**Assignment**
Each record needs to be retyped exactly, though its pictures should not appear.

**Records for the task**

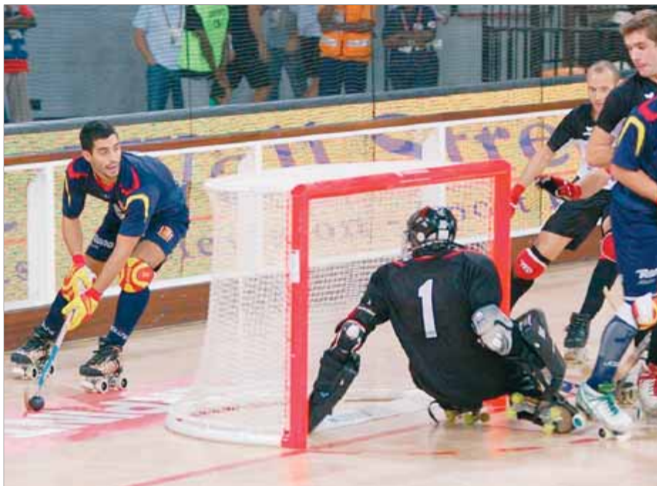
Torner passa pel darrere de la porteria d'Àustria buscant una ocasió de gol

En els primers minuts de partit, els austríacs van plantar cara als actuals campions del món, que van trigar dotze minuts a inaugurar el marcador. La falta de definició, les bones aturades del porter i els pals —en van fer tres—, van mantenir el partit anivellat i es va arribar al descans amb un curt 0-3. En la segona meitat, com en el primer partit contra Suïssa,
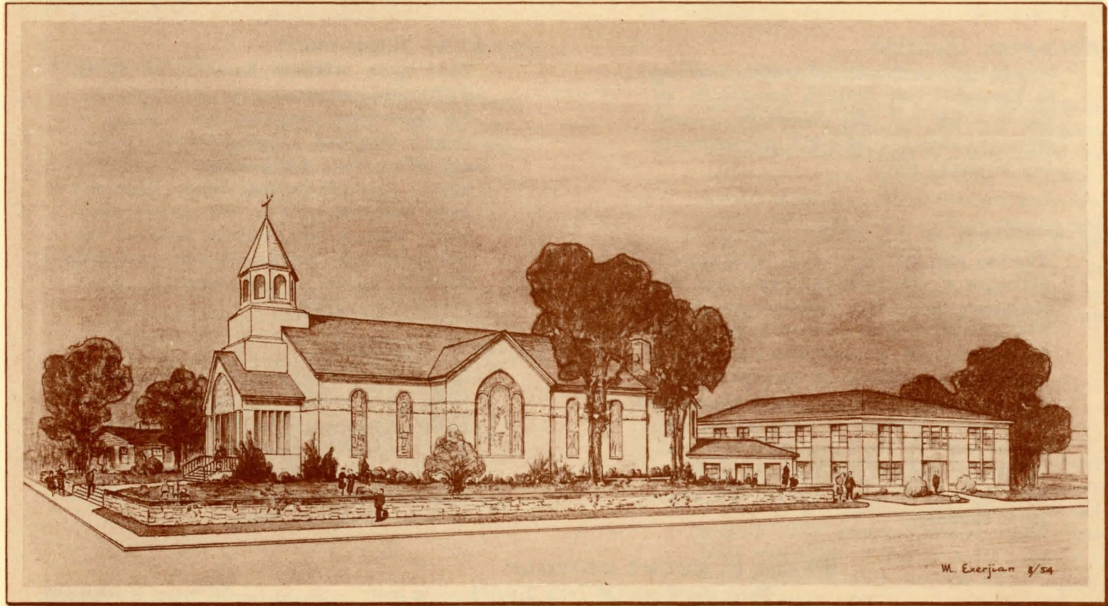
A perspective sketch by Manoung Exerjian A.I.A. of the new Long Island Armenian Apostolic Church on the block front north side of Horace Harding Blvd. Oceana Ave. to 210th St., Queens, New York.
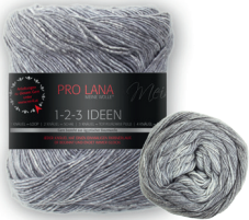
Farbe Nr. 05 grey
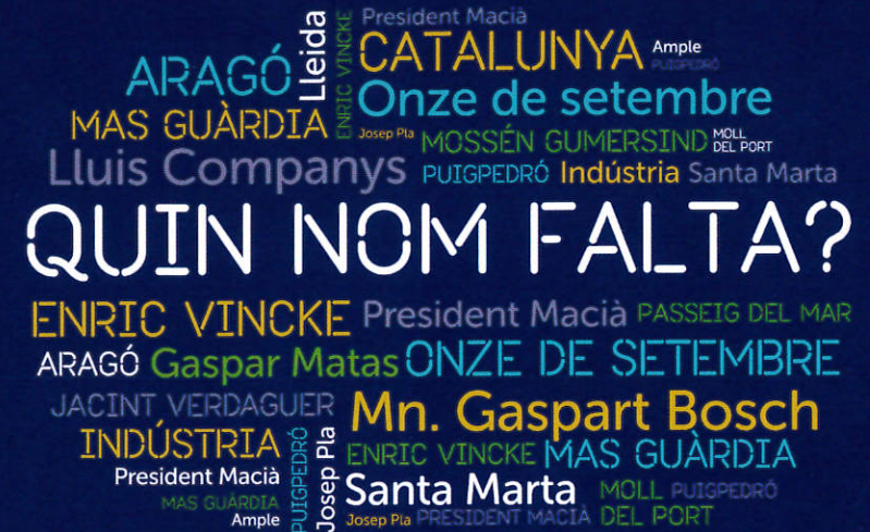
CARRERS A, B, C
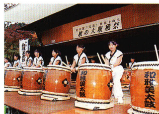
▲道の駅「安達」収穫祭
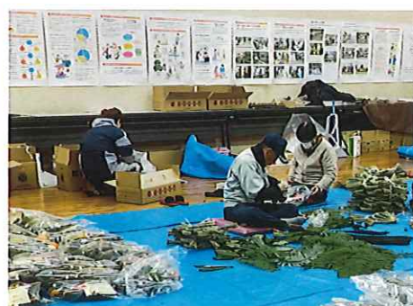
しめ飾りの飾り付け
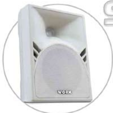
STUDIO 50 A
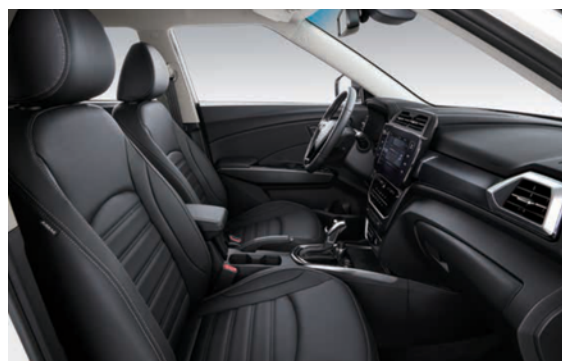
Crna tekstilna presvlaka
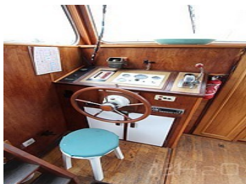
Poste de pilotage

**Answer box**
Torner passa pel darrere de la porteria d'Àustria buscant una ocasió de gol

En els primers minuts de partit, els austríacs van plantar cara als actuals campions del món, que van trigar dotze minuts a inaugurar el marcador. La falta de definició, les bones aturades del porter i els pals —en van fer tres—, van mantenir el partit anivellat i es va arribar al descans amb un curt 0-3. En la segona meitat, com en el primer partit contra Suïssa,
A perspective sketch by Manoung Exerjian A.I.A. of the new Long Island Armenian Apostolic Church on the block front north side of Horace Harding Blvd. Oceana Ave. to 210th St., Queens, New York.
Farbe Nr. 05 grey
CARRERS A, B, C
▲道の駅「安達」収穫祭
しめ飾りの飾り付け
STUDIO 50 A
Crna tekstilna presvlaka
Poste de pilotage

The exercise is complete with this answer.